- [REQUIRED WORK]:
Write out the entire listing below exactly as it appears, minus any pictures.

MATERIAL PROVIDED: Begin

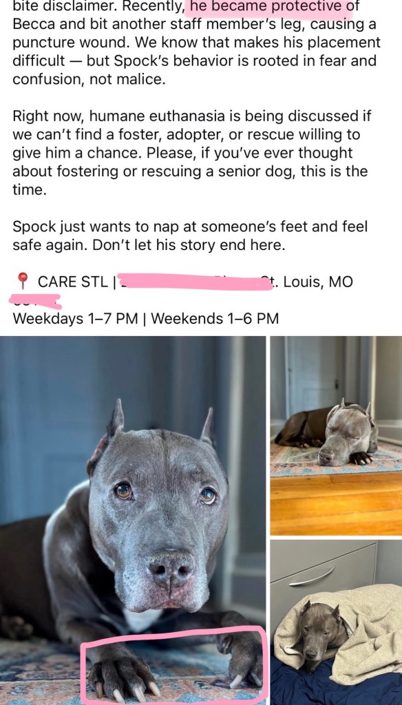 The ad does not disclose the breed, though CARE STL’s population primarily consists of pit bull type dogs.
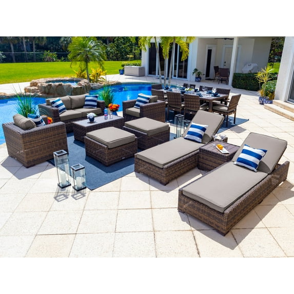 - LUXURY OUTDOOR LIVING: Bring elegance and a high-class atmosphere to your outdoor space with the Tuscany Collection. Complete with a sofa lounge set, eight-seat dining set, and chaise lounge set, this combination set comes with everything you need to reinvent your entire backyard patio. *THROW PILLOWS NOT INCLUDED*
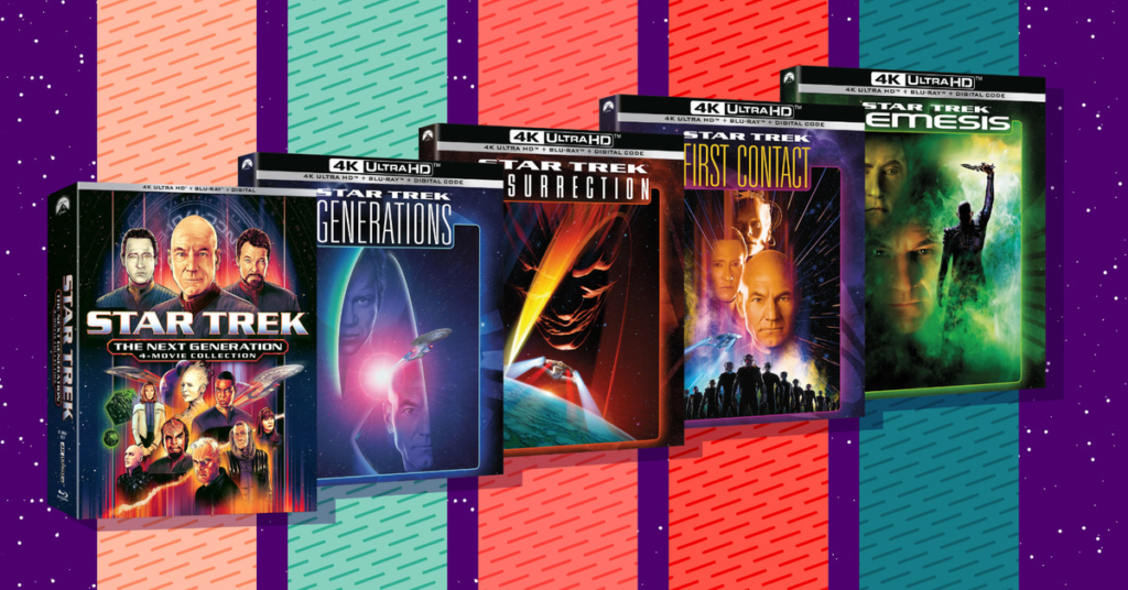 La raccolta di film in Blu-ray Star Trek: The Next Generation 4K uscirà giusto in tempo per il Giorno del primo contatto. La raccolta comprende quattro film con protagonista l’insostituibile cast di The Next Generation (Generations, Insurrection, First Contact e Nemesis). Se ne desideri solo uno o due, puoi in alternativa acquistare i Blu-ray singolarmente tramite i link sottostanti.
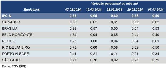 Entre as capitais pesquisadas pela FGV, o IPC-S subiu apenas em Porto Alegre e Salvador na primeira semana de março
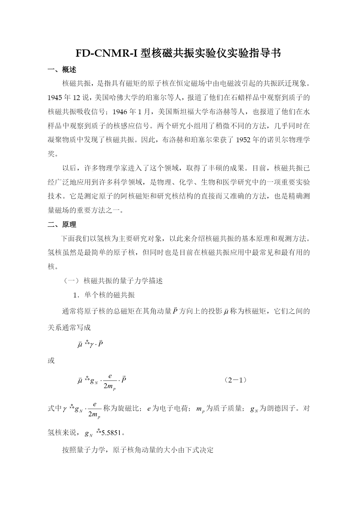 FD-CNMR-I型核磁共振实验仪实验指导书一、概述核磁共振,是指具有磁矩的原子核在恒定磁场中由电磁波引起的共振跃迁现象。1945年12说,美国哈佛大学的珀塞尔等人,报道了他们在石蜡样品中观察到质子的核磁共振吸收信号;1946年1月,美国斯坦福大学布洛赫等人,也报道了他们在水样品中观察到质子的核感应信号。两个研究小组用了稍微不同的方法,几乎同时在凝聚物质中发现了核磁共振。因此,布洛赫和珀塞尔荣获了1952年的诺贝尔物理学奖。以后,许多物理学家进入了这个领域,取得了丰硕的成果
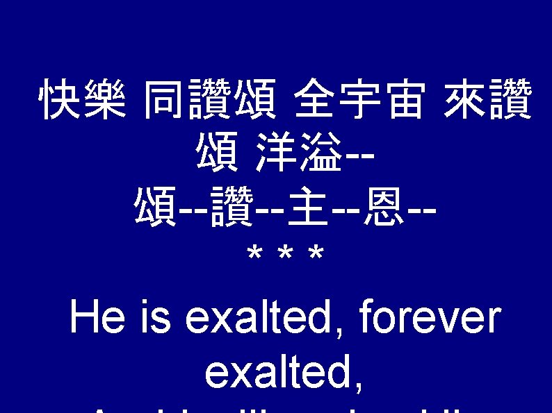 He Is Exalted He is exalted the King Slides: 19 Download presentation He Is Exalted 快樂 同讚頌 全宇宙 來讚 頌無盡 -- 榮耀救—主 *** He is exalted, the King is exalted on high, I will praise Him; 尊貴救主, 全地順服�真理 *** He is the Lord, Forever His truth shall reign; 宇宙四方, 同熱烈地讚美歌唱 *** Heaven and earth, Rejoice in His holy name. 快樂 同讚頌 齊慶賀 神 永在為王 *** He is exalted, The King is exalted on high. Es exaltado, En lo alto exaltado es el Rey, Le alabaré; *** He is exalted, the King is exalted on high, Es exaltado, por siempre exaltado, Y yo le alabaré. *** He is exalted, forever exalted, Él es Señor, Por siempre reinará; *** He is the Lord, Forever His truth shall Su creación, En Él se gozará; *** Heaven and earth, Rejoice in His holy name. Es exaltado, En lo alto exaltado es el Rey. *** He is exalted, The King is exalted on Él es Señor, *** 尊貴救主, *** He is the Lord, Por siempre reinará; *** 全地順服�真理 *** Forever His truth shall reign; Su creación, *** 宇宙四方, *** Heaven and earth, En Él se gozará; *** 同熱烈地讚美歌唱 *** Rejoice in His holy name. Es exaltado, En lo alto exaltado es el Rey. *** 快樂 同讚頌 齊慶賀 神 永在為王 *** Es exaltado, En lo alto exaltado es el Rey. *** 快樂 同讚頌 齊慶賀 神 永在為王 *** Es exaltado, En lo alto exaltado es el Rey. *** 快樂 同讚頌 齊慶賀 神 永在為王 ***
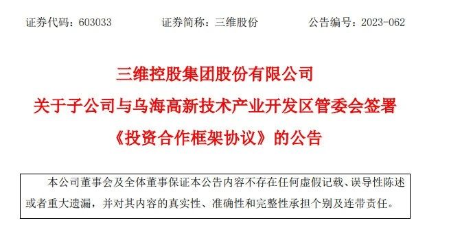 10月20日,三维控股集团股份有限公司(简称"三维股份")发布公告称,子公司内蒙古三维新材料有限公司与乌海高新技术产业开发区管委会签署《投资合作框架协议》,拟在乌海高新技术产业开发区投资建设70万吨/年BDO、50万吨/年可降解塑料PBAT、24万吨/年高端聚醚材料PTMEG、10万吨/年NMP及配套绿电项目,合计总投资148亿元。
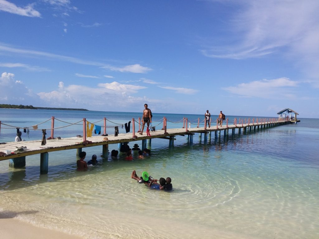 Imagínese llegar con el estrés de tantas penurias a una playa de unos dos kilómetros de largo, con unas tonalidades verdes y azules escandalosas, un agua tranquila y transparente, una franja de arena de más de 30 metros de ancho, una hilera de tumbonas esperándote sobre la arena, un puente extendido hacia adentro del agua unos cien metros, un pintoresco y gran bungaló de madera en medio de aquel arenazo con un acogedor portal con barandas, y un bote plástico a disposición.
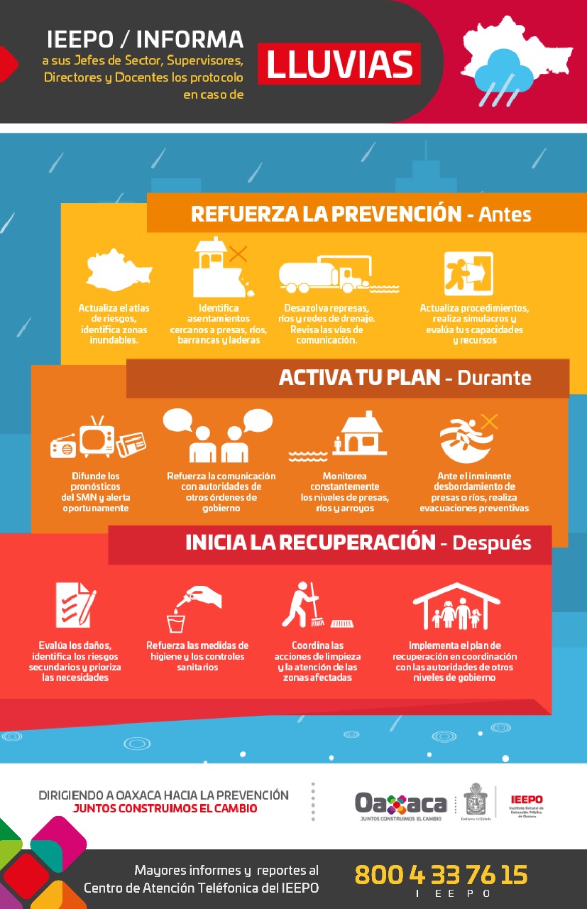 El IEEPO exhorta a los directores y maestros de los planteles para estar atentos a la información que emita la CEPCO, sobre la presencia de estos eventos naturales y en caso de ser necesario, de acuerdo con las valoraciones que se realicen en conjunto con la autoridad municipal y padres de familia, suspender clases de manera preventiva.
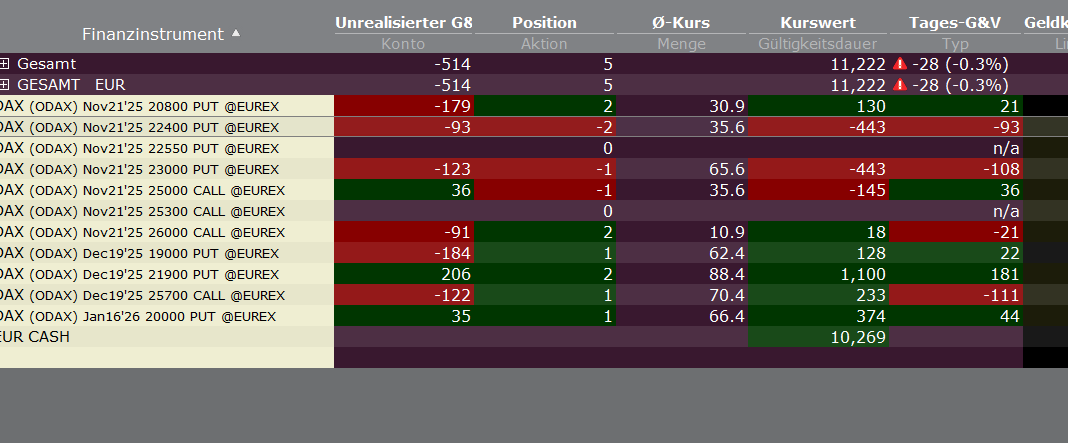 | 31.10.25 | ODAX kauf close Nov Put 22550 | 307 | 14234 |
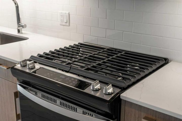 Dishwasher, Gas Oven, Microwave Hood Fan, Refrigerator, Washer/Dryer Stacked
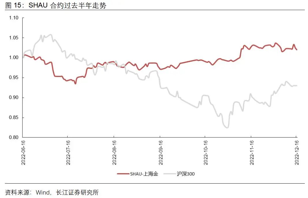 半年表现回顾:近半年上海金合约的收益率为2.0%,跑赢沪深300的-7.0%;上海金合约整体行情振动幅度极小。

MATERIAL PROVIDED: End

- [REPLY TO THE TASK]:
 The ad does not disclose the breed, though CARE STL’s population primarily consists of pit bull type dogs.
 - LUXURY OUTDOOR LIVING: Bring elegance and a high-class atmosphere to your outdoor space with the Tuscany Collection. Complete with a sofa lounge set, eight-seat dining set, and chaise lounge set, this combination set comes with everything you need to reinvent your entire backyard patio. *THROW PILLOWS NOT INCLUDED*
 La raccolta di film in Blu-ray Star Trek: The Next Generation 4K uscirà giusto in tempo per il Giorno del primo contatto. La raccolta comprende quattro film con protagonista l’insostituibile cast di The Next Generation (Generations, Insurrection, First Contact e Nemesis). Se ne desideri solo uno o due, puoi in alternativa acquistare i Blu-ray singolarmente tramite i link sottostanti.
 Entre as capitais pesquisadas pela FGV, o IPC-S subiu apenas em Porto Alegre e Salvador na primeira semana de março
 FD-CNMR-I型核磁共振实验仪实验指导书一、概述核磁共振,是指具有磁矩的原子核在恒定磁场中由电磁波引起的共振跃迁现象。1945年12说,美国哈佛大学的珀塞尔等人,报道了他们在石蜡样品中观察到质子的核磁共振吸收信号;1946年1月,美国斯坦福大学布洛赫等人,也报道了他们在水样品中观察到质子的核感应信号。两个研究小组用了稍微不同的方法,几乎同时在凝聚物质中发现了核磁共振。因此,布洛赫和珀塞尔荣获了1952年的诺贝尔物理学奖。以后,许多物理学家进入了这个领域,取得了丰硕的成果
 He Is Exalted He is exalted the King Slides: 19 Download presentation He Is Exalted 快樂 同讚頌 全宇宙 來讚 頌無盡 -- 榮耀救—主 *** He is exalted, the King is exalted on high, I will praise Him; 尊貴救主, 全地順服�真理 *** He is the Lord, Forever His truth shall reign; 宇宙四方, 同熱烈地讚美歌唱 *** Heaven and earth, Rejoice in His holy name. 快樂 同讚頌 齊慶賀 神 永在為王 *** He is exalted, The King is exalted on high. Es exaltado, En lo alto exaltado es el Rey, Le alabaré; *** He is exalted, the King is exalted on high, Es exaltado, por siempre exaltado, Y yo le alabaré. *** He is exalted, forever exalted, Él es Señor, Por siempre reinará; *** He is the Lord, Forever His truth shall Su creación, En Él se gozará; *** Heaven and earth, Rejoice in His holy name. Es exaltado, En lo alto exaltado es el Rey. *** He is exalted, The King is exalted on Él es Señor, *** 尊貴救主, *** He is the Lord, Por siempre reinará; *** 全地順服�真理 *** Forever His truth shall reign; Su creación, *** 宇宙四方, *** Heaven and earth, En Él se gozará; *** 同熱烈地讚美歌唱 *** Rejoice in His holy name. Es exaltado, En lo alto exaltado es el Rey. *** 快樂 同讚頌 齊慶賀 神 永在為王 *** Es exaltado, En lo alto exaltado es el Rey. *** 快樂 同讚頌 齊慶賀 神 永在為王 *** Es exaltado, En lo alto exaltado es el Rey. *** 快樂 同讚頌 齊慶賀 神 永在為王 ***
 10月20日,三维控股集团股份有限公司(简称"三维股份")发布公告称,子公司内蒙古三维新材料有限公司与乌海高新技术产业开发区管委会签署《投资合作框架协议》,拟在乌海高新技术产业开发区投资建设70万吨/年BDO、50万吨/年可降解塑料PBAT、24万吨/年高端聚醚材料PTMEG、10万吨/年NMP及配套绿电项目,合计总投资148亿元。
 Imagínese llegar con el estrés de tantas penurias a una playa de unos dos kilómetros de largo, con unas tonalidades verdes y azules escandalosas, un agua tranquila y transparente, una franja de arena de más de 30 metros de ancho, una hilera de tumbonas esperándote sobre la arena, un puente extendido hacia adentro del agua unos cien metros, un pintoresco y gran bungaló de madera en medio de aquel arenazo con un acogedor portal con barandas, y un bote plástico a disposición.
 El IEEPO exhorta a los directores y maestros de los planteles para estar atentos a la información que emita la CEPCO, sobre la presencia de estos eventos naturales y en caso de ser necesario, de acuerdo con las valoraciones que se realicen en conjunto con la autoridad municipal y padres de familia, suspender clases de manera preventiva.
 | 31.10.25 | ODAX kauf close Nov Put 22550 | 307 | 14234 |
 Dishwasher, Gas Oven, Microwave Hood Fan, Refrigerator, Washer/Dryer Stacked
 半年表现回顾:近半年上海金合约的收益率为2.0%,跑赢沪深300的-7.0%;上海金合约整体行情振动幅度极小。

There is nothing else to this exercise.